Fig. 1 is a general diagram of a system structure of a dynamic pressure feedback pilot control hydraulic shock oscillator in an embodiment of the present invention.

Fig. 2 is a schematic structural view of a reversing valve in an embodiment of the present invention.

Fig. 3 is a schematic diagram of an embodiment of the present invention illustrating a bistable wall-attached fluidic element and a control flow distribution structure.

Fig. 4 is a schematic structural view of a hydraulic impact mechanism in an embodiment of the present invention.

Fig. 5 is a schematic diagram of the feedback signal path structure of the hydraulic impact mechanism in the embodiment of the present invention.

Fig. 6 is a schematic diagram of a system for controlling a hydraulic shock oscillator by dynamic pressure feedback pilot control according to an embodiment of the present invention.

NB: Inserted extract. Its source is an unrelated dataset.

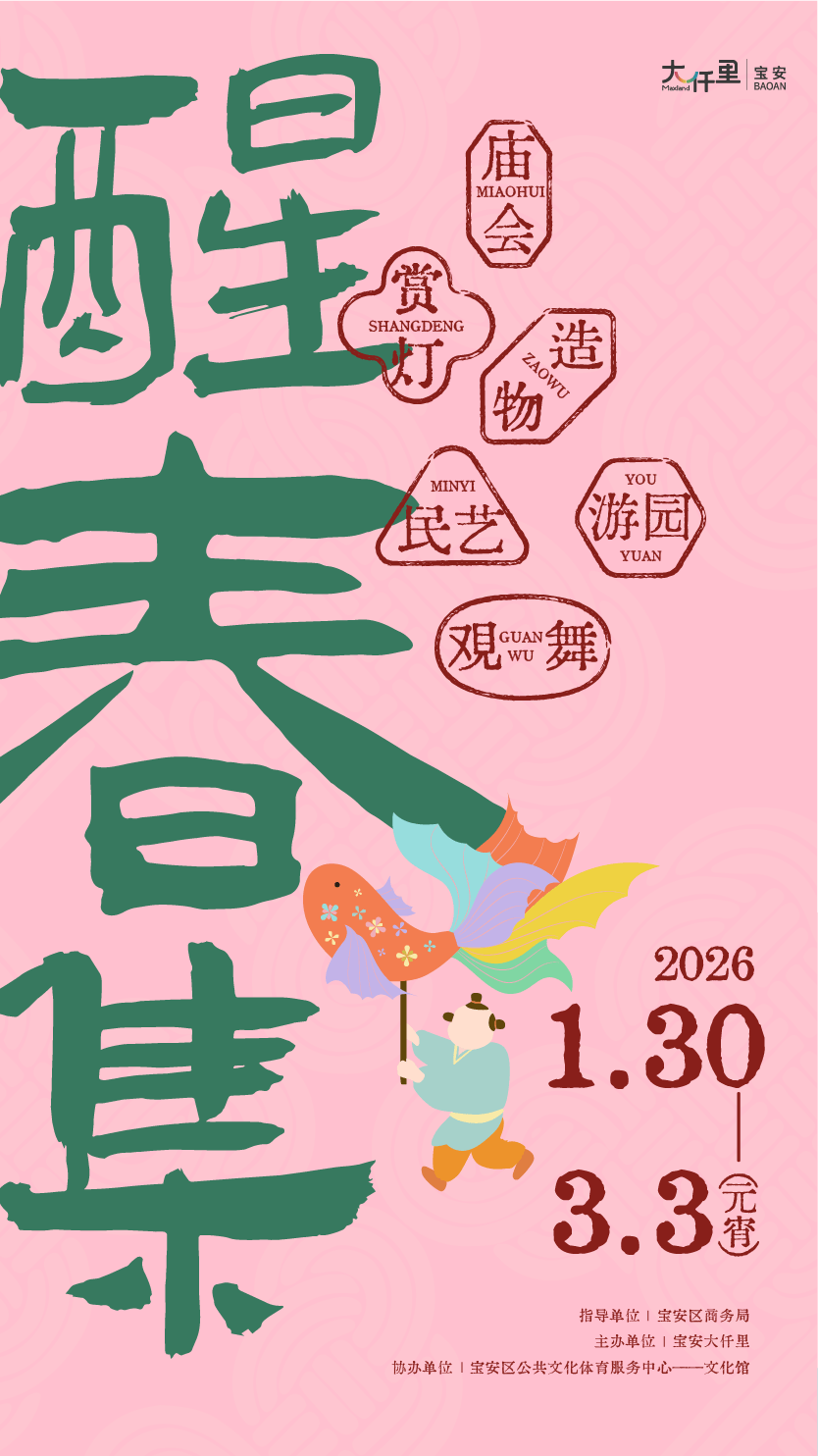 即日起至3月3日(元宵节),宝安大仟里开展首届新春文化盛宴“醒春集”活动。这是一场凝聚庙会、赏灯、民艺、造物、游园、观舞六大新春理想生活体验的盛会。在熟悉又新鲜的年俗中重拾记忆中的年味,共筑新春仪式感。超1000平方米圩集庙会,3大非遗自贡“天下第一灯”,1场灯会游园重现,2大传统民艺,2大非遗演艺元素,10场非遗手作。

The respective symbols in the figure are as follows: 1-a drill pipe joint; 2-a buffer pad; 3-a diverter valve body; 4-a pressure regulating spring; 5-a shunt valve core; 6-a shunt valve sleeve; 7-a diverter valve seat; 8-a fluidic element; 9-a pilot valve sleeve; 10-a flow distribution sleeve; 11-feeding a core pipe; 12-a diverter valve; 13-main valve sleeve; 14-lower core tube; 15-hydraulic impact mechanism inner cylinder; 16-a piston; 18-a hammer punch; 19-flat bond; 20-an outer tube; 21-an anvil; 22-an anvil; 23-coupling bolt.

Detailed Description

In order to explain the present invention more clearly, the present invention will be further described with reference to the preferred embodiments and the accompanying drawings. It is to be understood by persons skilled in the art that the following detailed description is illustrative and not restrictive, and is not to be taken as limiting the scope of the invention.

As shown in fig. 1, fig. 2, fig. 3, fig. 4, fig. 5 and fig. 6, the dynamic pressure feedback pilot control hydraulic impact oscillator provided by the present invention adopts the bistable wall-attached fluidic element 8 as the pilot valve, the reversing valve 12 as the main valve, and the reversing valve 12 controls the high-pressure large-flow liquid to pass through the flow distribution channel, so as to drive the hydraulic impact mechanism to act. The constructed two-stage control hydraulic impact system has the following main technical characteristics:

(1) the flow input at the inlet of the impactor is dynamically distributed to the high-pressure inlets of the jet element 8 and the reversing valve 12 by adopting a pressure-limiting type flow dividing valve;

(2) the fluidic element 8 is mainly used for controlling the switching of the reversing valve 12, and the reversing valve 12 has two stable working positions corresponding to the bistable state of the wall-attached type plane fluidic element 8;

(3) the lower cavity of the inner cylinder 15 of the hydraulic impact mechanism is constantly high pressure, the upper cavity pressure of the inner cylinder 15 of the hydraulic impact mechanism changes along with the switching of the working position of the reversing valve 12, and when the reversing valve 12 controls the upper cavity of the inner cylinder 15 of the hydraulic impact mechanism to be high pressure, the piston 16 and the impact hammer 18 perform differential stroke action; when the reversing valve 12 controls the upper cavity of the inner cylinder 15 of the hydraulic impact mechanism to be communicated with low pressure, the piston 16 and the hammer 18 perform return stroke action.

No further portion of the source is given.